This paper describes the explanatory models of common mental disorders in primary care attendees in Goa, India. We found that somatic phenomena are overwhelmingly the most frequent presenting complaints and, amongst these, weakness/tiredness, sleep problems and aches/pains are dominant. However, psychological phenomena were relatively easily elicited from the majority of patients and cognitive phenomena such as thinking too much and emotional phenomena such as irritability/anger and loss of interest were the most frequent. The majority of respondents used psychological terms to label or describe their illness; 'tension' was by far the most common label. The vast majority of participants attributed their illness to psychosocial factors, rather than physical health factors. We observed very few gender differences apart from the different patterns of psychosocial difficulties.
Common mental disorders such as depression are already the leading neuropsychiatric cause of the burden of disease globally and this burden is projected to increase [14
]. Although there are effective treatments for these disorders which can be delivered in primary care settings [12
], there are a number of barriers to their implementation, notably the low recognition rates of the disorders in primary care settings. 'Somatization' has been cited as one reason to explain non-detection ([5
] and our study adds to the growing literature examining CMD through a contextual lens, to examine the extent to which 'somatization' occurs within the context of primary care in India viewed through the lens of the patients' explanatory models.

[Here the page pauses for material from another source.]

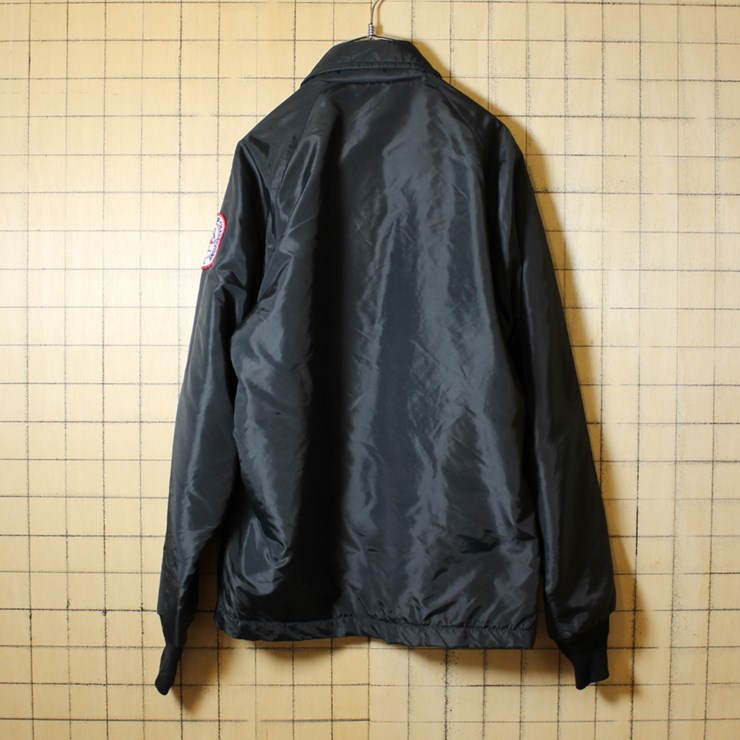 70s USA製 Pla-Jac 古着 ナイロン 裏ボア コーチジャケット ブラック 黒 メンズS レタードワッペン ラグランです。

The findings of our study clearly demonstrate that even though people suffering from CMD predominantly complain of somatic symptoms, these are well recognized hall-mark features of depression and anxiety (for e.g. fatigue and sleep problems). Furthermore, psychological phenomena are easily elicited and the vast majority of patients admit to the psychosocial origins of their illness. Low mood is relatively a less common emotional phenomenon when compared with irritability and anhedonia. Overall, somatic symptoms are clearly located within in a larger bio-psychosocial framework (Figure); indeed, the 'cardinal features' of CMD as described in contemporary classifications were easily, and commonly, identified by our participants and a substantial proportion used the psychological construct of 'tension' to label their illness. Thus ‘tension” or “worry” appeared to represent the mediating illness category between adverse life events and social difficulties and somatic and mental phenomena. However, none of our subjects considered that they suffered from a 'mental disorder'.

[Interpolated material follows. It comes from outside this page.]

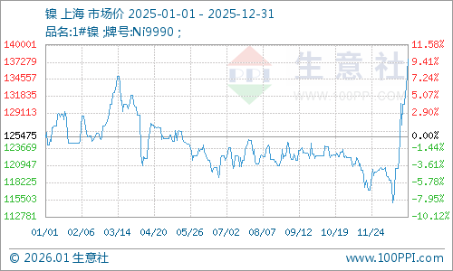 据生意社价格监测,2025年镍市全年低位磨底,临近年末因印尼镍矿商协会(APNI)声称,政府计划在2026年将镍矿生产配额大幅削减约34%,这一消息,让镍价大幅攀升至137733.33元/吨,全年上涨9.77%。全年最低价在12月16日的115050元/吨,最高价在年末的137733.33元/吨。

A conceptual model of the casual pathways of CMD.
These findings confirm and build on findings that have been reported in previous studies conducted with women in the south Asian region. A study with 39 mothers suffering from post-natal depression, for example, reported that although a high proportion of mothers reported aches and pains, these were most commonly attributed to poor marital relationships and economic difficulties [10
]. Another study exploring the relationships between reproductive and mental health in 35 women with CMD reported that women expressed their mental health problems primarily through gynaecological complaints and sleep difficulties but strongly associated them with economic and interpersonal difficulties in their daily lives [11
]. In a study from a rural setting, women conceptualized mental health and depressive illness by the presence or absence of ‘pressure’ or ‘worries’, and they considered depressive illness to be directly linked to relational and economic factors in their lives [16
Similar findings are reported in a study in Chile where patients with mental disorders consulted the primary care doctor for physical complaints but did acknowledge presence of a psychological component to their physical problems [4
Our study, apart from extending the findings of community based studies on the explanatory models of CMD in South Asia to primary care settings, also adds to the scarce literature on the variations of these models by gender. Our principal observation is that men and women are very similar on symptom patterns, perhaps with the subtle difference that women were more forthcoming during the interviews and described their illness experiences with less probing. This may have implications in the nature of screening and assessment for detection of CMD in primary care. Both men and women described similar determinants linked to economic and interpersonal difficulties; the major differences we observed were that women being more likely to attribute their difficulties to marital conflicts which in some cases are associated with violence and alcohol abuse, and difficulties in managing work, while men were more likely to be concerned about old age, loss of earnings and financial difficulties. These are possibly reflective of the specific social roles that women and men are exposed to in a relatively patriarchal society. It is pertinent to note that the primary determinants cited by our participants in this qualitative study are entirely consistent with the epidemiological findings of the determinants of CMD in the South Asian region which has repeatedly demonstrated the influence of financial difficulties and intimate partner conflict and violence as risk factors [17
While interpreting the findings of this study a number of limitations have to be kept in mind. Firstly, since the patients who participated in the study were identified through a screening tool, there is a small risk of misclassification (small because, as indicated earlier, the tool questionnaire was validated and showed a high PPV at the cut-point used). Secondly, we have used only patient interviews to explore the explanatory models of CMD and these data could have been strengthened by evaluating the patient-PHC doctor encounter and the doctor explanatory models. Finally, the recording of somatic disorder diagnoses was not carried out systematically and thus the possible association of somatic symptoms with somatic disorders cannot be excluded.